Üstün yetenekli öğrenciler, öğrenimlerine devam ederken bile iş bulabilir ve işletmelerden para kazanabilirler. Buna karşılık, işletmeler de iyi öğrencileri ve uygun stajyerleri işe alabilir ve bünyelerinde tutabilirler. Bu yaklaşımdan her iki taraf da fayda sağlar.

Çocuğunuzun kendi hayatının sorumluluğunu almasına izin verin.

Öğrencilerin ve velilerin, üniversite ve kolej kayıt döneminde okul ve kariyer seçimlerini nasıl yapacaklarını anlamaları gerekiyor. Akademik yeterliliklere ilişkin zihniyet nasıl değiştirilmelidir?

Lise düzeyinde mesleki eğitimin, hem müfredatta hem de müfredat dışı etkinliklerde uygun içerik ve yöntemlerle yenilikçi bir şekilde geliştirilmesi ve teşvik edilmesi gerekmektedir. Ayrıca, ailelerin çocuklarına kitap okuma, internet üzerinden araştırma yapma ve işletmelerden ve okullardan bilgi alma gibi konularda yardımcı olabilecek daha fazla kanala sahip olmaları gerekmektedir.

Çocuklar kendi hayatlarından sorumlu oldukları için ebeveynler çocukları adına karar veremezler. Bu nedenle, ebeveynlerin yapması gereken şey, çocuklarına çeşitli deneyimler sunmak, onları okumaya teşvik etmek ve toplumu daha derinlemesine anlamaları için çeşitli kaynaklardan bilgi edinmelerini sağlamaktır. Buradan yola çıkarak, liseden mezun olduktan sonra okullar, meslekler ve kariyer yolları hakkında bilinçli seçimler yapabilirler. Ebeveynler, diplomaların veya yanıltıcı unvanların prestijinden ziyade, eğitimin ve sıkı çalışmanın gerçek değerine odaklanmalıdır.
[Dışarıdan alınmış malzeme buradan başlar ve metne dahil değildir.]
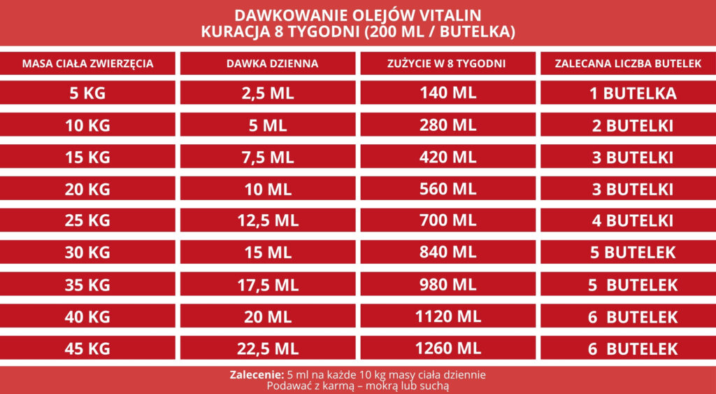 Zalecane dawkowanie znajduje się na etykiecie produktu. Produkt najlepiej wykorzystać przed terminem przydatności podanym na opakowaniu. Preparat poleca się jako dodatek do karmy w dawce dziennej 2 łyżeczki od herbaty na 10 kg wagi ciała. Podawanie preparatu powinno być kontynuowane przez 6 – 8 tygodni.

Her üniversiteye giriş döneminde uzmanlar, adaylara kariyer yöneliminin, kişisel gelişim yollarını net bir şekilde belirlemenin ve "popüler" mesleklerin peşinden koşmaktan kaçınmanın önemini vurgularlar. Sizce, işsiz mezunlar sorununa çözüm nedir?

Mezun işsizliğinin iki olası nedeni olduğuna inanıyorum. Birincisi, ekonomi mezunlar için yeterli iş imkanı yaratacak kadar güçlü değil. İkincisi, çok fazla iş var ama mezunlar gerekli şartları karşılamıyor.

Aslında, işletmelerin ve kuruluşların, adayların gerekli becerilere sahip olmaması nedeniyle uygun personel bulmakta zorlandıklarından sık sık şikayet ettiklerini fark ettim. Üniversite mezunlarının genel kültürel birikimleri veya belirli mesleki becerileri üniversite diploması olmayanlardan daha iyi olmadığında, kaçınılmaz olarak işsiz kalacaklardır.

Bu gerçek, öğrencilerin en iyi mesleki becerileri edinmek ve profesyonel olarak çalışabilecek durumda olmak için hem okul içinde hem de okul dışında her öğrenme fırsatından en iyi şekilde yararlanarak derslerine odaklanmaları gerektiğini açıkça ortaya koymaktadır. Belirli mesleklerin belirli bir dönemde "popüler" hale gelmesi, bunların her zaman "popüler" olacağı anlamına gelmez ve popüler olsalar bile, bir öğrencinin yeteneklerinin bu mesleklere uygun olup olmadığı ayrı bir konudur.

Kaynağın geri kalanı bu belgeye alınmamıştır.